You can start your first spider with:
    cd scrapingproject
    scrapy genspider example example.com

And create a folder structure like this.

Now CD into the scrapingproject. You will need to do it twice like this.

cd scrapingproject
cd scrapingproject

Now we need a spider to crawl through the Amazon reviews page. So we use the genspider to tell scrapy to create one for us. We call the spider ourfirstbot and pass it to the URL of the Amazon page.

scrapy genspider ourfirstbot https://www.amazon.com/Apple-AirPods-Charging-Latest-Model/dp/B07PXGQC1Q?pf_rd_p=35490539-d10f-5014-aa29-827668c75392&pf_rd_r=6T723HNZTK1TCR53MSAG&pd_rd_wg=U5S97&ref_=pd_gw_ri&pd_rd_w=rFFcu&pd_rd_r=9ea5f81c-8328-4375-bf2c-874e4f045991#customerReviews

This should return successfully like this.

Created spider 'ourfirstbot' using template 'basic' in module:
  scrapingproject.spiders.ourfirstbot

Great. Now open the file ourfirstbot.py in the spider's folder. It should look like this.

# -*- coding: utf-8 -*-
import scrapy


class OurfirstbotSpider(scrapy.Spider):
    name = 'ourfirstbot'
    start_urls = ['https://www.amazon.com/Apple-AirPods-Charging-Latest-Model/dp/B07PXGQC1Q?pf_rd_p=35490539-d10f-5014-aa29-827668c75392&pf_rd_r=6T723HNZTK1TCR53MSAG&pd_rd_wg=U5S97&ref_=pd_gw_ri&pd_rd_w=rFFcu&pd_rd_r=9ea5f81c-8328-4375-bf2c-874e4f045991#customerReviews']

    def parse(self, response):
        pass

Let's examine this code before we proceed.

The allowed_domains array restricts all further crawling to the domain paths specified here.

start_urls is the list of URLs to crawl. For us, in this example, we only need one URL.

The def parse(self, response): function is called by scrapy after every successful URL crawl. Here is where we can write our code to extract the data we want.

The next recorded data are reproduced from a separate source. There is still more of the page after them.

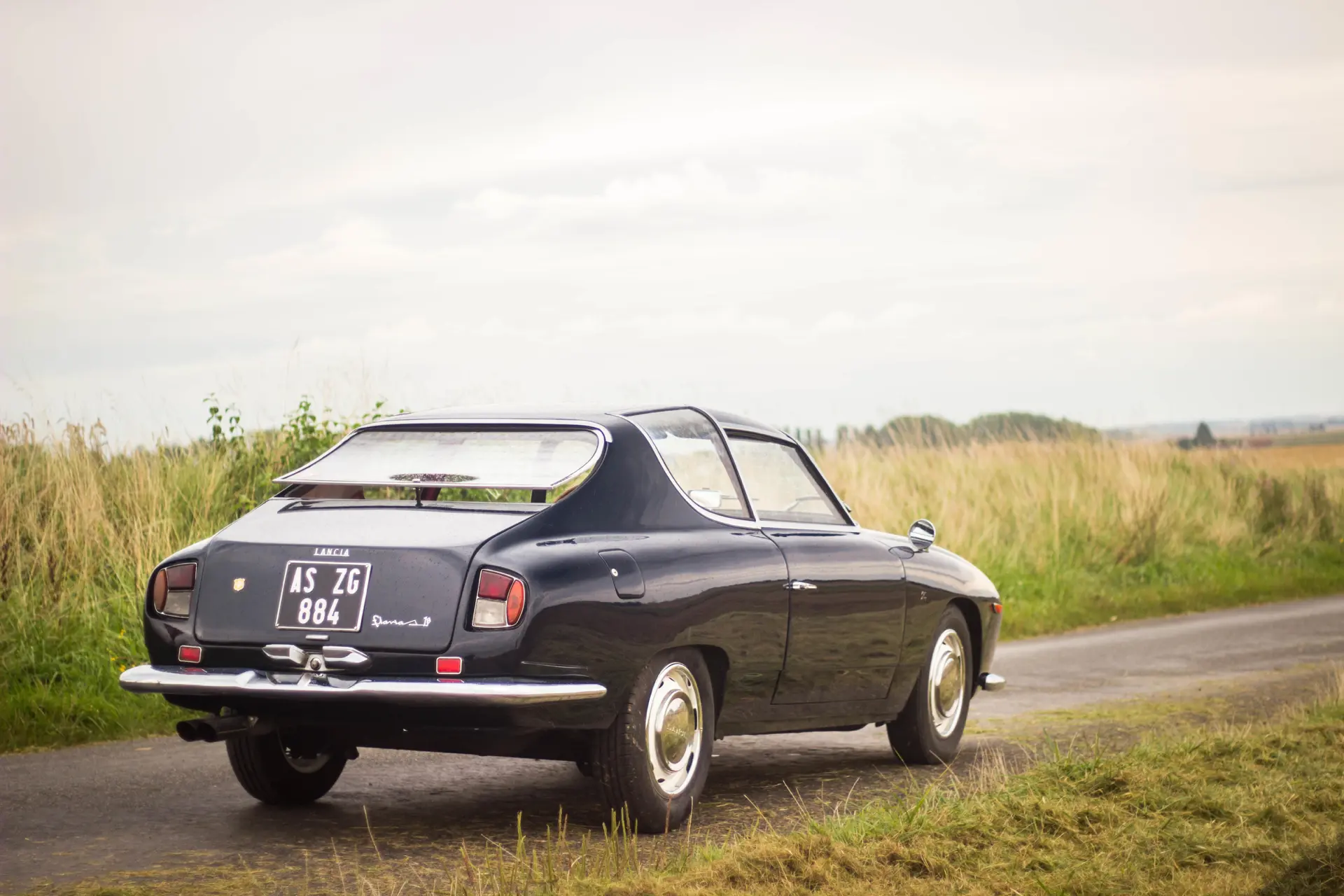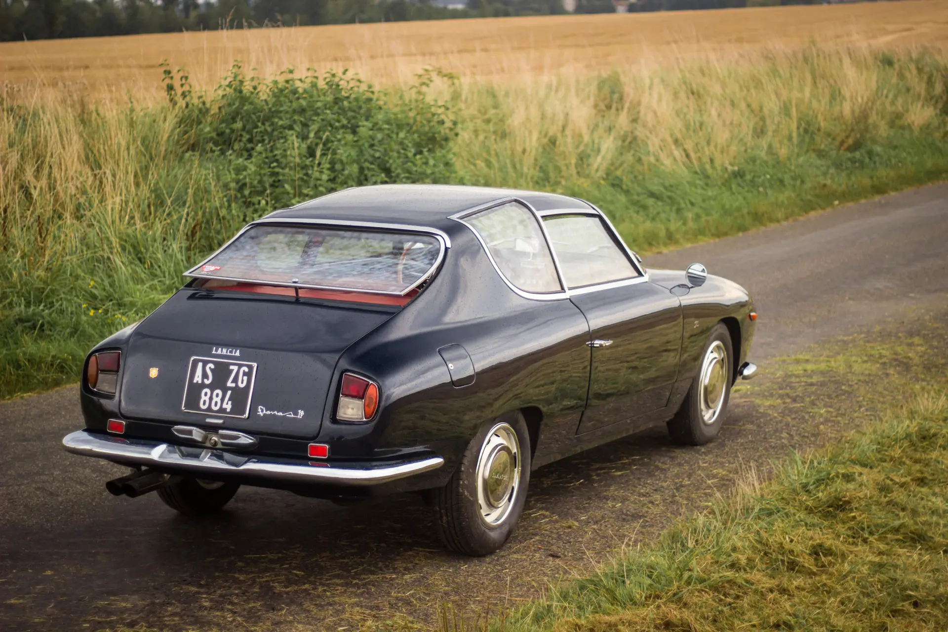 Lancée en 1961, la berline Flavia a maintenu la réputation enviable de Lancia en matière d’ingénierie automobile avancée et innovante. Conçue par Antonio Fessia et inspirée de son prototype Cemsa de 1947, la Flavia était la première voiture de série italienne à utiliser une traction avant. Placé bien en avant des roues avant, le moteur était un quatre cylindres opposés horizontalement à soupapes en tête de 1 488 cc ; la suspension était indépendante à l’avant et par essieu à poutre à l’arrière, et il y avait des freins à disque à double circuit et servo-assistés aux quatre roues. La berline a été rejointe par le coupé à empattement plus court de style Pininfarina en 1962, ce dernier servant de base à une version cabriolet de Vignale. Simultanément, Lancia et Zagato ont exposé la Flavia Sport lors du Salon de Genève de 1962, son design non conventionnel d’Ercole Spada présentant une surprenante calandre avant découpée et des vitres arrière incurvées. Fidèle à la tradition de Zagato de construire des modèles légers, son coupé Flavia Sport arborait une carrosserie entièrement en alliage.
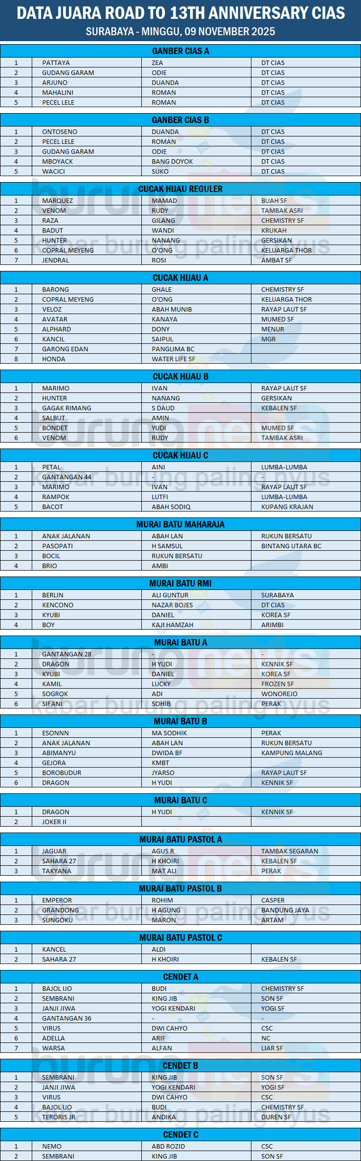 DATA JUARA ROAD TO 13TH ANNIVERSARY CIAS - SURABAYA (MINGGU, 09 NOVEMBER 2025)
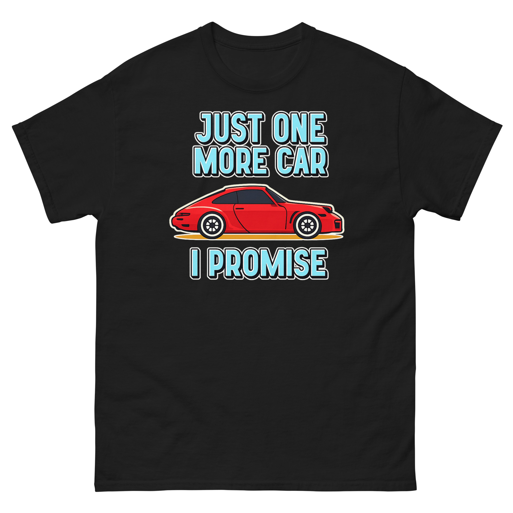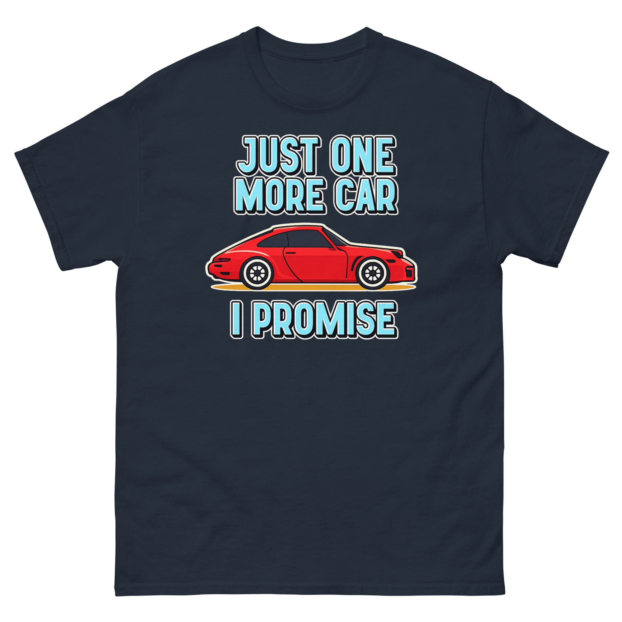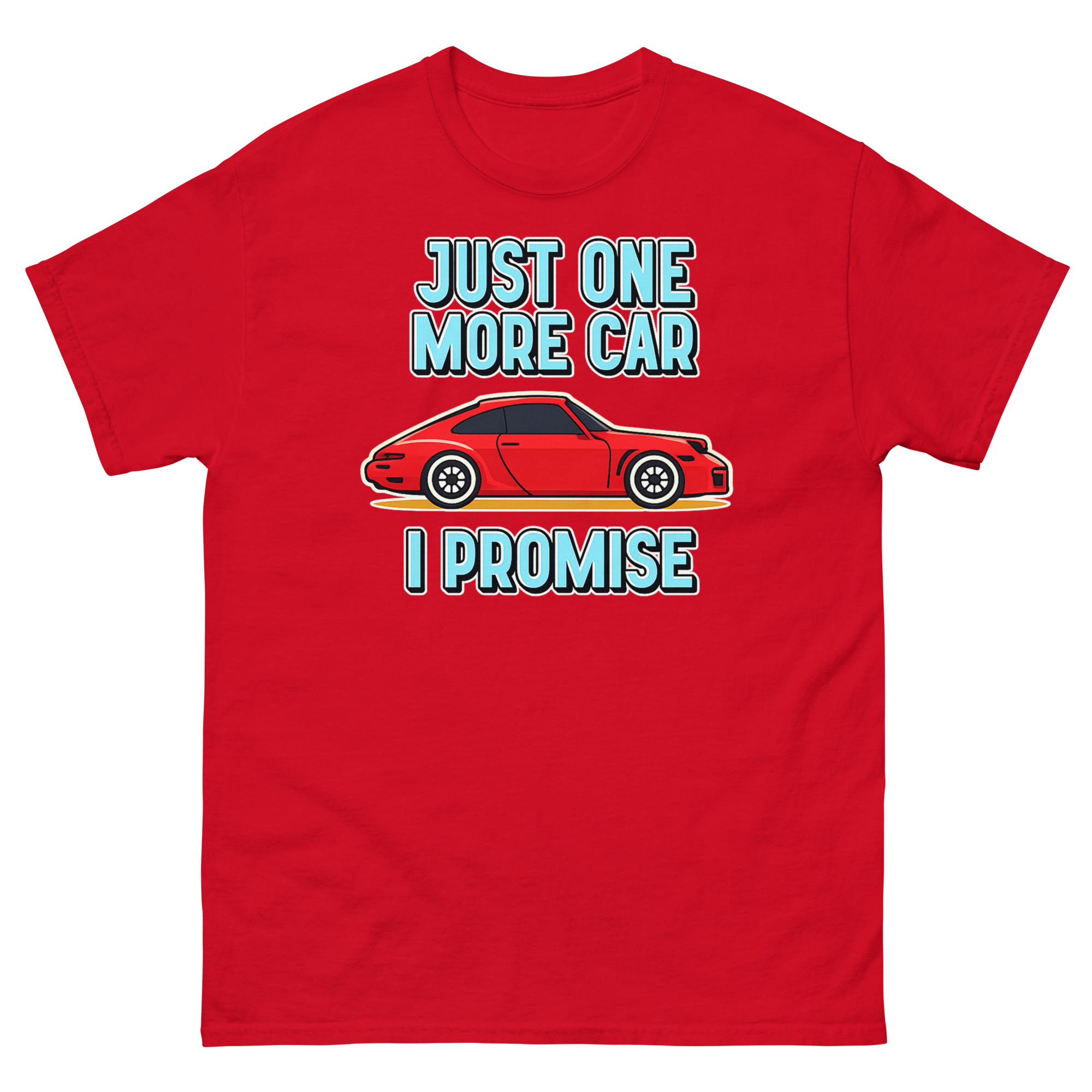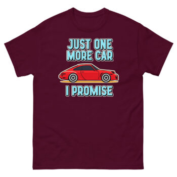 Let’s be honest: for some people, a garage never feels quite full. This Just One More Car I Promise T Shirt design comes directly from those endless conversations about the “next” car, the “dream” project, or the “final” purchase that somehow never is. The bold red cartoon sports car is that irresistible find, the one that makes you smile just thinking about it. Paired with the cheeky, chunky lettering of “JUST ONE MORE CAR I PROMISE,” it turns a common inside joke among gearheads into wearable art. It’s not just a graphic; it’s a nod to the passion that fuels weekend restorations, spontaneous bids at auctions, and the perpetual hunt for the next great ride. Whether you’re the husband with a driveway full of projects or the friend always planning for the next car club event, this tee gets it.
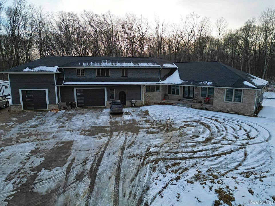 Must see to appreciate no expense spared. Maintenance free 5,564 square foot home with 5 bedrooms, 3.5 baths and is crafted to perfection. A true mother-in-law's quarters with a private entrance and basement. Anderson windows with custom blinds throughout and door walls, 1st floor laundry, great room with spectacular fireplace and unbelievable views, Chief’s gourmet kitchen with island, two refrigerators, custom cabinets, granite countertops and a walk-out basement setting on almost 10 Acres. 2 high end tankless water tanks, 2 high end furnaces, 2 central a/c units. Way too many extras to list. If you ever thought about upgraded amenities, this home has it! This home also features a 120 X 60-foot pole barn with 3 bays, a man cave, a partial kitchen, a bar and the 2nd floor loft has 4 rooms. Truly a Mechanics dream. Owner occupied so all showings are by appointment only! There is also an extra 1.62 acres available, see MLS #20250012262. On a scale of 1-10, this is a 15! Take a peek, you’re going to love it!!
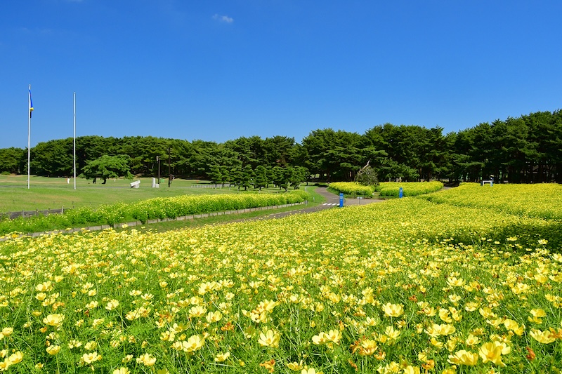 国営ひたち海浜公園の「大草原フラワーガーデン」では、鮮やかな黄色い花を咲かせるキバナコスモス“レモンブライト”が、8月29日から見頃を迎えています。澄んだ青空に映える鮮やかなレモンイエローの花々が一面に広がる様子は、来園者を夏から秋へと誘います。“レモンブライト”の見頃は、9月下旬頃まで続く見込みです。
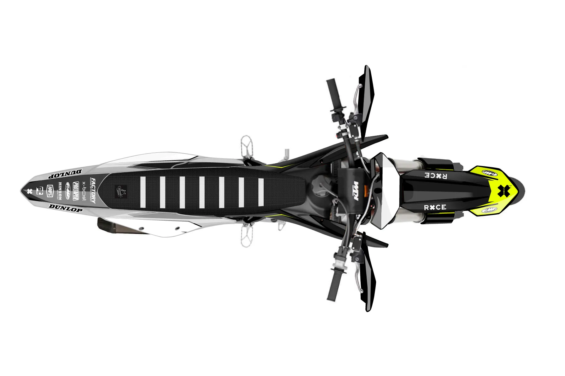 «Vivid Neon» — готовый комплект графики серии Untucked для KTM Supermoto KTM SMR 450 2021. В комплекте: графика на бак и боковые облицовки, крылья (переднее и заднее), передний щиток, номерные таблички, защита вилки. Материал: ПВХ-винил 80 мкр с холодной ламинацией 300 мкр, общая толщина 380 мкр; покрытие глянцевое или матовое на выбор. Устойчив к UV-излучению, воде, бензину и мойке высокого давления. Клей акриловый на сольвентной основе — постоянный, для гибких пластиков. На простых поверхностях монтируется без нагрева; для сложных изгибов рекомендуем фен. Этот пресет можно заказать как есть или взять за основу в конструкторе: поменять цвета, добавить стартовый номер и свой бренд. Производство — 3–5 рабочих дней, доставка по России СДЭКом или Почтой, по СНГ — курьерскими службами.
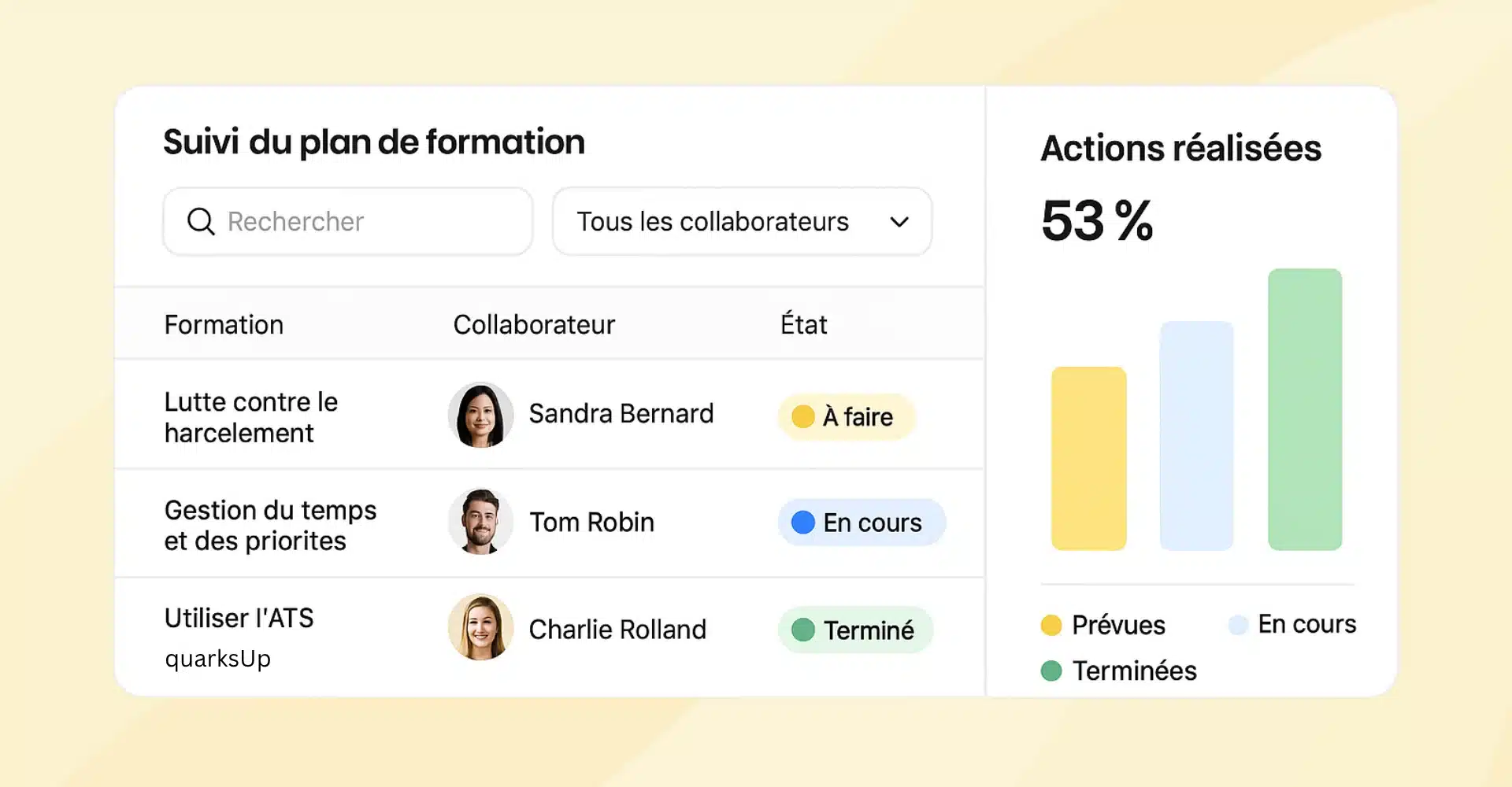 Le plan de formation concerne l’ensemble des employés de l’entreprise, quelle que soit leur fonction ou leur niveau hiérarchique. Il vise à développer les compétences et les connaissances de chacun pour favoriser l’évolution professionnelle et contribuer à la réussite collective de l’organisation.

We now need to find the CSS selector of the elements we need to extract the data. Go to the URL https://www.amazon.com/Apple-AirPods-Charging-Latest-Model/dp/B07PXGQC1Q?pf_rd_p=35490539-d10f-5014-aa29-827668c75392&pf_rd_r=6T723HNZTK1TCR53MSAG&pd_rd_wg=U5S97&ref_=pd_gw_ri&pd_rd_w=rFFcu&pd_rd_r=9ea5f81c-8328-4375-bf2c-874e4f045991#customerReviews

And right-click on the title of one of the reviews and click on inspect. This will open the Google Chrome Inspector like below.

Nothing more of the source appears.